Bayes’ theorem connects the prior probability \(P(H)\) to the posterior probability \(P(H|D)\), by incorporating information gained from the observation data \(D\) via

\[P(H|D)\propto P(H)\times P(D|H).\label{eq:bayes}\]

We now extend the approach of Budavári and Szalay [BudavariSzalay08], to allow matches where some catalogues do not participate in a match. Comparing A12 and A14 in Budavári and Szalay [BudavariSzalay08], assuming that positions lie on the celestial sphere and adopting the expansions developed in their Appendix B, we can write down likelihoods. For a counterpart across \(k\) catalogues, we obtain:

\[P(D|H)=2^{k-1}\frac{\prod\sigma_{i}^{-2}}{\sum\sigma_{i}^{-2}}\exp\left\{ -\frac{\sum_{i<j}\psi_{ij}^{2}\sigma_{j}^{-2}\sigma_{i}^{-2}}{2\sum\sigma_{i}^{-2}}\right\} \label{eq:nwaylikelihood}\]

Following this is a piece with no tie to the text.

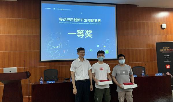 (通讯员 胡斌) 9月26日,由全国高等院校计算机基础教育研究会主办,全国高等院校计算机基础教育研究会高职计算机与电子商务专委会承办的首届移动应用创新开发技能竞赛在深圳信息职业技术学院落下帷幕,我校计算机技术与软件工程学院移动19302班的陈佳俊摘得冠军,指导教师胡斌获“优秀教师奖”。
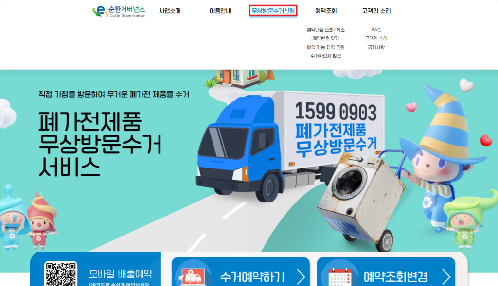 열린 화면에서 상단에 있는 메뉴 중 [무상방문수거신청]을 클릭합니다.

For a given association with participating members from \(k\) catalogues, the pairwise angular separation, \(\psi_{ij}\), between catalogue \(i\) and \(j\) is judged with the relevant position uncertainties \(\sigma\). The likelihood for the hypothesis where some catalogues do not participate in the association has the appropriate terms in the products and sums removed. Therefore, the likelihood is unity for the hypothesis that there is no counterpart in any of the catalogues.

In comparison to our method, the method of Budavári and Szalay [BudavariSzalay08] only compares two hypotheses for a association: either all sources belong to the same object (\(H_{1}\)), or they are coincidentally aligned (\(H_{0}\)). In this computation each hypothesis test is run in isolation, and relative match probabilities for a given source are not considered. For completeness, we also compute the posterior of this simpler model comparison:

\[\begin{split}\begin{aligned} \frac{P(H_{1}|D)}{P(H_{0}|D)} & \propto & \frac{P(H_{1})}{P(H_{0})}\times\frac{P(D|H_{1})}{P(D|H_{0})}\\ B & = & \frac{P(D|H_{1})}{P(D|H_{0})}\\ P(H_{1}|D) & = & \left[1+\frac{1-P(H_{1})}{B\cdot P(H_{1})}\right]^{-1}\label{eq:assocPost} \end{aligned}\end{split}\]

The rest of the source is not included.